This is the first in a series on the leading unannounced candidates. We are focusing on unannounced candidates because of the apparent failure of the current batch of announced candidates to take off.
Background. The first candidate that we will consider is José Ramos Horta. He is currently the Foreign Minister and Defense Minister of East Timor. He was first appointed Foreign Minister in 1975 when East Timor was briefly independent. Between 1975 and the recent founding of East Timor, Ramos-Horta was the spokesman for East Timor. In 1996, he received a Nobel Peace Prize.
Turmoil in East Timor. Ramos Horta has been mentioned as a candidate for UNSG. His experiences would give him important authority when speaking about peacebuilding and peacekeeping and development. Until the last month East Timor had been considered one of the shining successes of the UN peacekeeping apparatus. He has also spent significant time in the West, living in Lisbon and Australia during his exile. During this time, he was active as a human rights activists. In some sense, he embodies what Ban Ki-moon identified the three pillars of the UN, "development, human rights, and peace and security".
Unfortunately, the shining success of East Timor has fallen apart in recent weeks. 600 soldiers went on strike, leading to gang warfare. Over 100,000 East Timorese fled from machete-wielding bandits into refugee camps, making them again dependent on aid agencies for the basic necessities of life.
Ramos Horta took over as Defense Minister, in addition to Foreign Minister, and may yet become Prime Minister. He is negotiating with the rebels. It is unclear where this will lead. He now claims that the UN will need to be present for another decade, and the UN Humanitarian Coordinator for East Timor has called for $18 million in aid. (Update: According to UN Dispatch, via the New Zealand press, UNDP is increasing this to $28m)

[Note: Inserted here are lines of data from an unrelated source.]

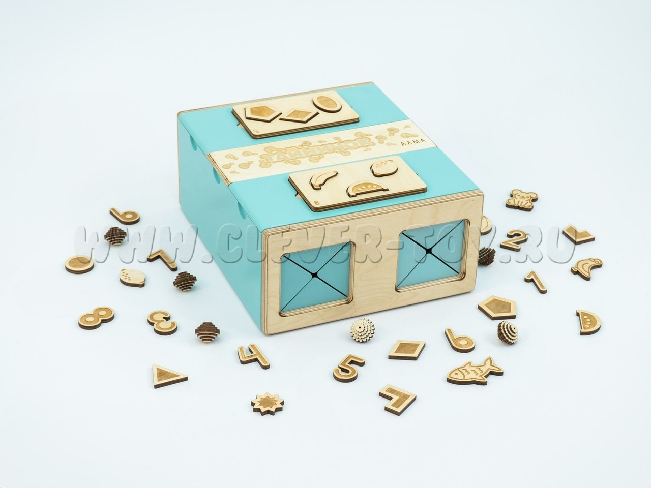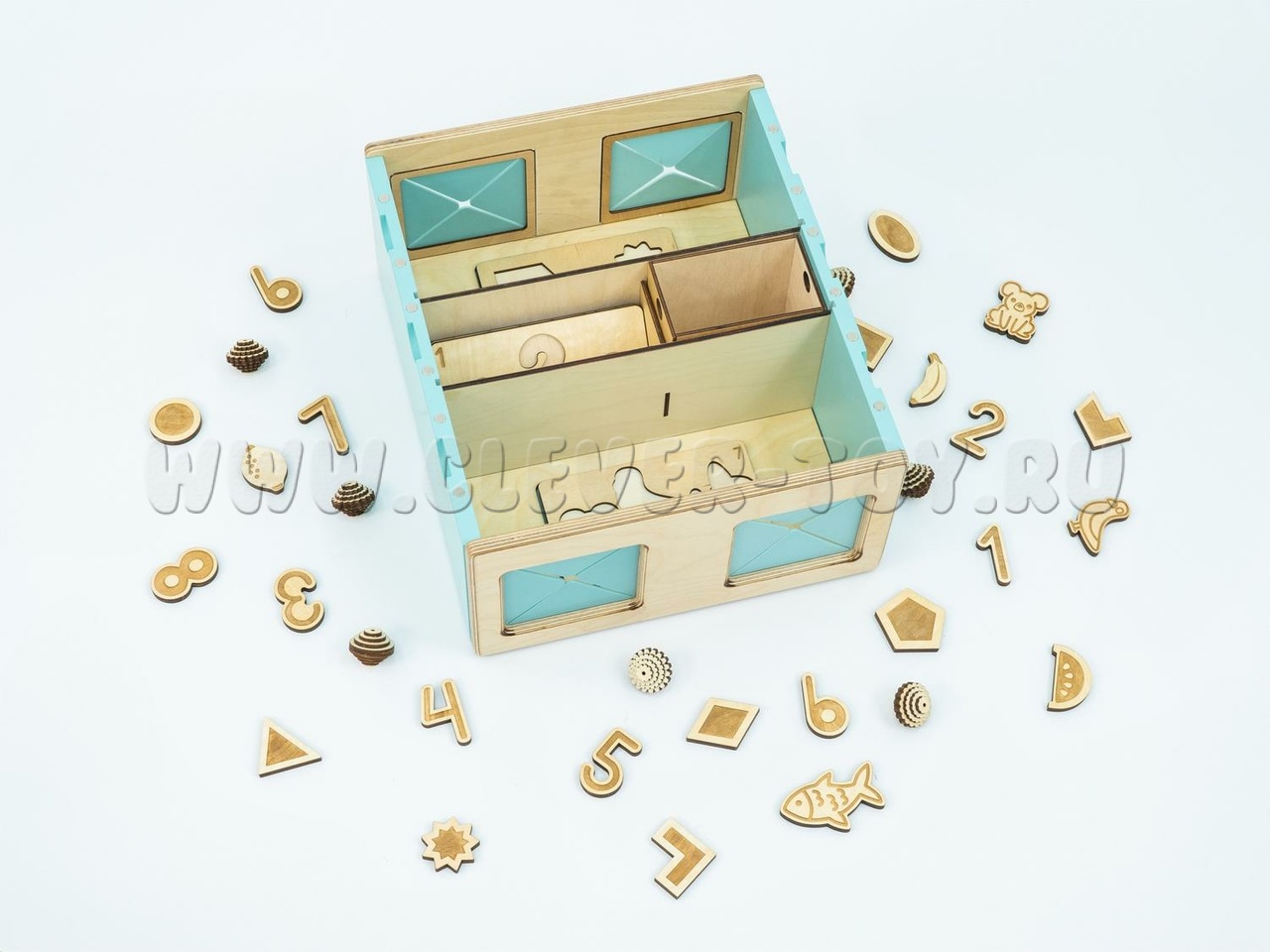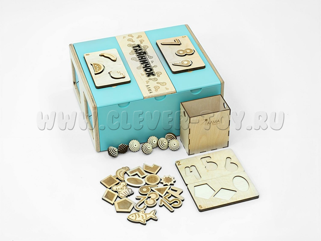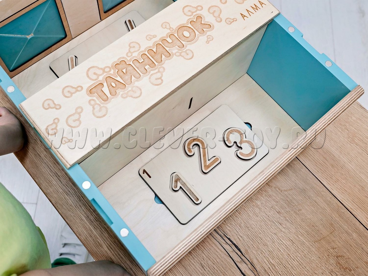 Чтобы тактильные элементы не терялись, хранить их можно внутри самого Тайничка, в специально отведенной зоне в центре ящика. Коробочка плотно закрывается, не давая выпасть содержимому.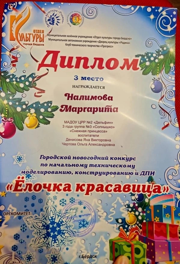 Диплом 3 место Налимова Рита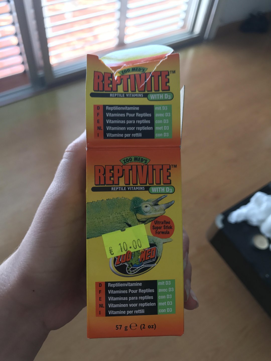 She already eaten 3 crickets today which I was super happy about because I read a lot of hunger strikes for newly purchased chameleons. They were cup fed to her and she seemed to enjoy climbing to get to them and was very used to being cup fed. The only brand of multivitamin that was available at the store was Reptivite which I have read a lot of mixed reviews about. Dusting and being sure I am giving her what she needs is the thing I am most nervous about as I am new to owning a chameleon (but have been researching and wanting one for about 4 years now.) I chose to go ahead and get her the one with D3 and ask the forum what other ones to get from here, that way I'm not over spending trying to hunt down the right ones here on the island. I have crickets and I am going to start gutloading them tonight with things other than the carrots the pet store was feeding them. I am open to any suggestions in terms of dusting schedule, and what to feed the crickets.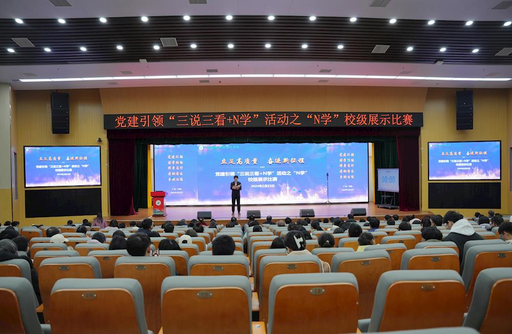 “三说三看+N学”,是我校党委以“党建引领,注重实效”为原则开展的教师综合素质能力提升学习活动。“三说”是指说政策文件、说产业职业、说专业课程。通过“说形势政策”学习国家职业教育的最新方针政策,把握职业教育事业发展的新形势与新任务;通过“说产业职业”了解产业行业发展现状及前景,定位专业面向的职业,找准主要就业岗位;通过“说专业课程”展现教师教学内容、教学方法、课程特色及创新成果。“三看”是指看中央新闻、看广西新闻、看河池新闻。通过“三看”了解国家、区域经济社会发展动态,把握时代脉搏,将时政热点融入教育教学。“N学”是指教师结合自身实际自选学习内容以丰富知识结构,提高为人师者的素质和能力。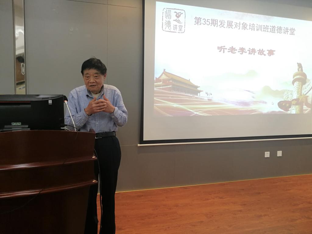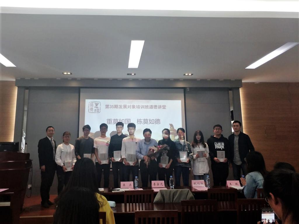 4月20下午,玩偶姐姐 第35期学生发展对象培训班举办了以“重莫如国,栋莫如德”为主题的道德讲堂。出席本次活动的嘉宾有原无锡轻工大学党委副书记李宗元,玩偶姐姐 党委副书记、副院长耿向阳,玩偶姐姐 分团委书记吴垚,辅导员赵丽敏,数字媒体学院辅导员王牧以及培训班全体同学。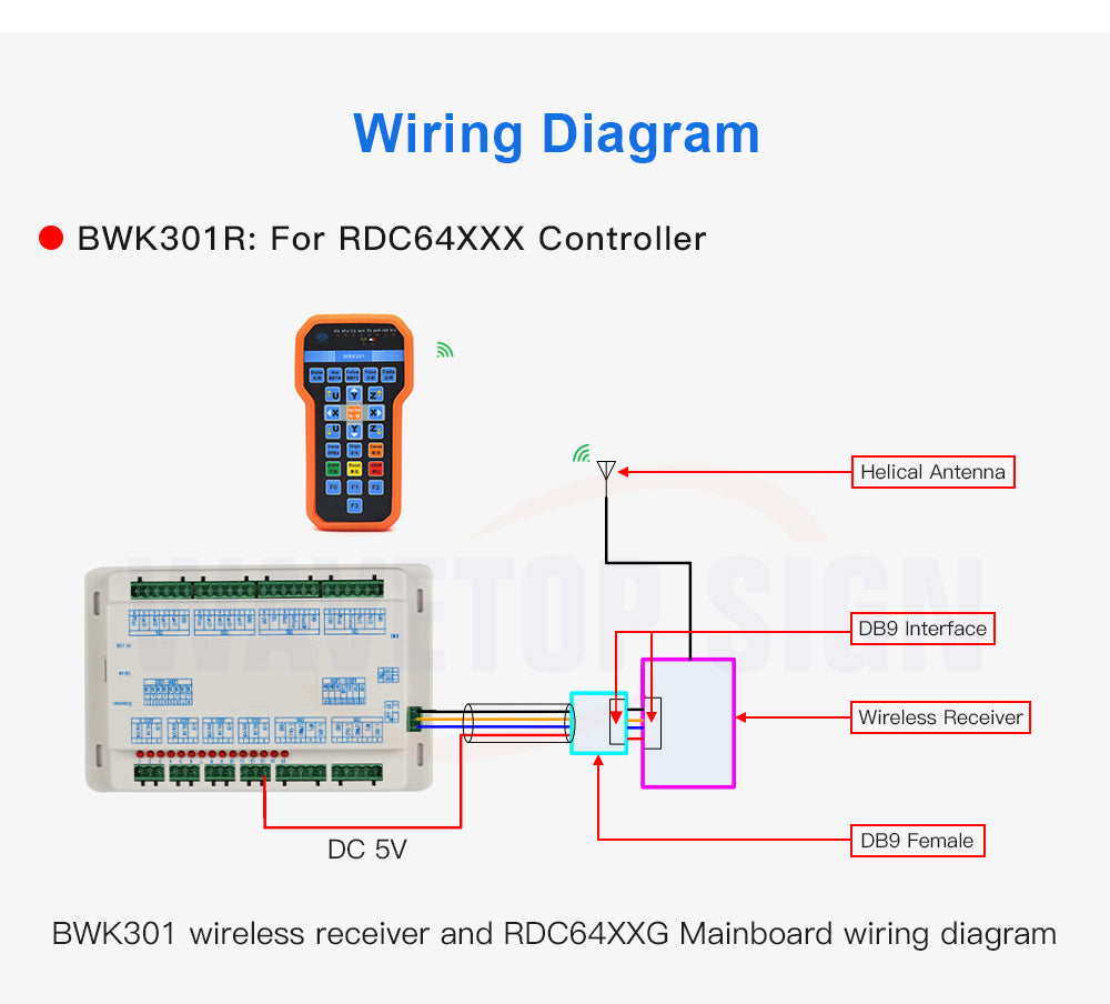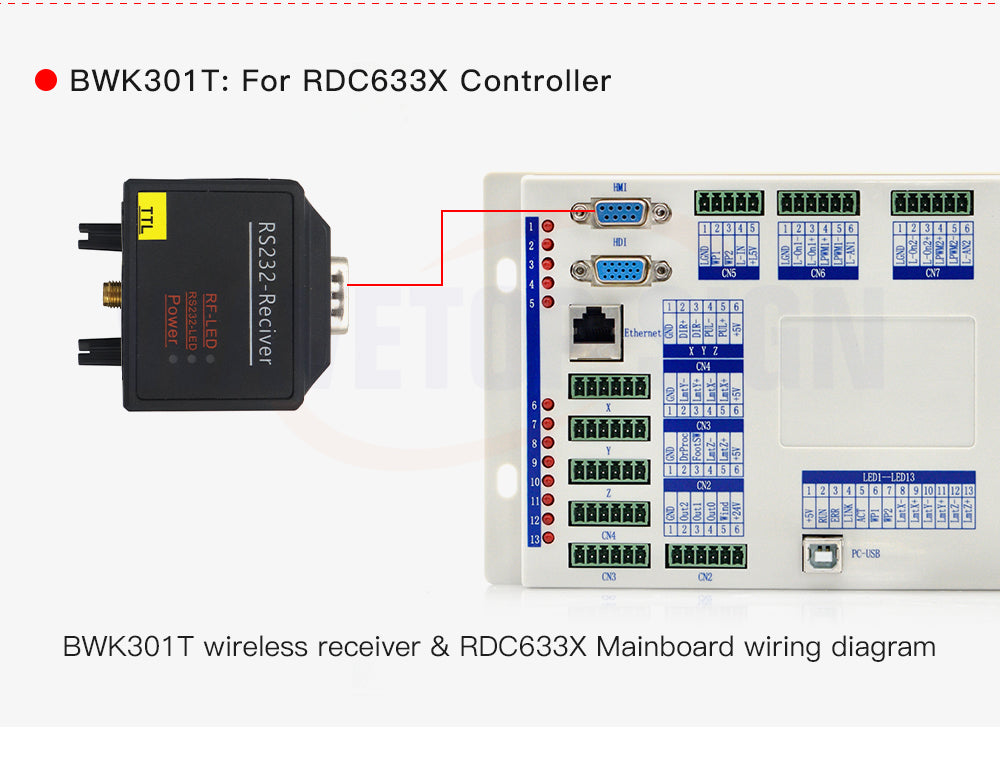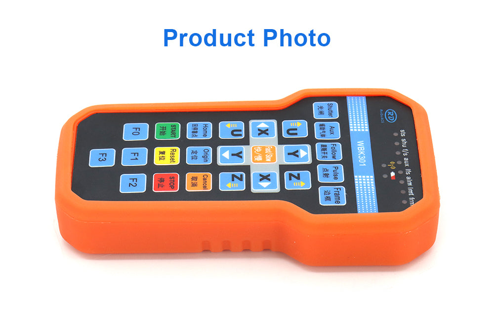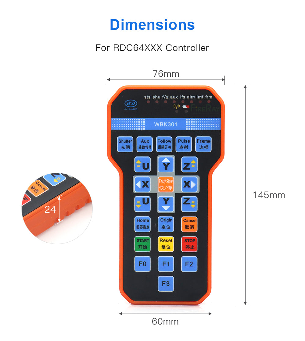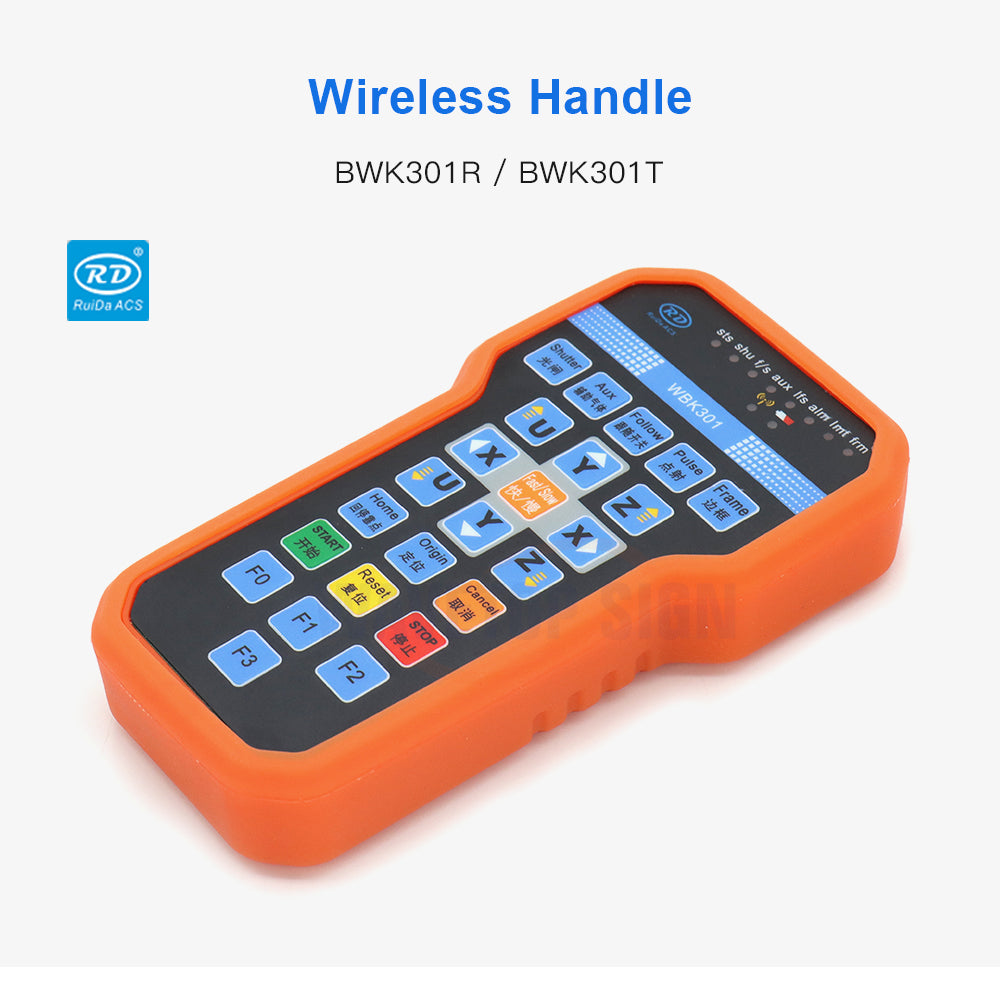 The wireless operating panel BWK301R consists of two parts: wireless panel and wireless receiver. Wireless panel and wireless adapter communication, wireless receiver connection to RD motion controller, user can control the cutting process reliable within a certain range (10-40m) through the wireless panel, easy to operate. The system allows the user can control the system real time in the production pricess, improving the working efficiency and easy to use and reliable. Parallel working with controller operaion panel, there is no interference with each other. Wireless controller BWK301 only supports communication with RDC64XXG mother-board.

Implications for UNSG Candidacy. Simply put, it would be inappropriate for Ramos Horta to be a candidate while his country needs him. He is clearly a heroic figure and a symbol to developing nations. However, the people of East Timor need quality leaders, and it is not at all clear that there are people in East Timor with his stature. Furthermore, the model of East Timor is tarnished. It is no longer the shining success. However, Ramos Horta may some day be an important candidate for UNSG. But not at this time.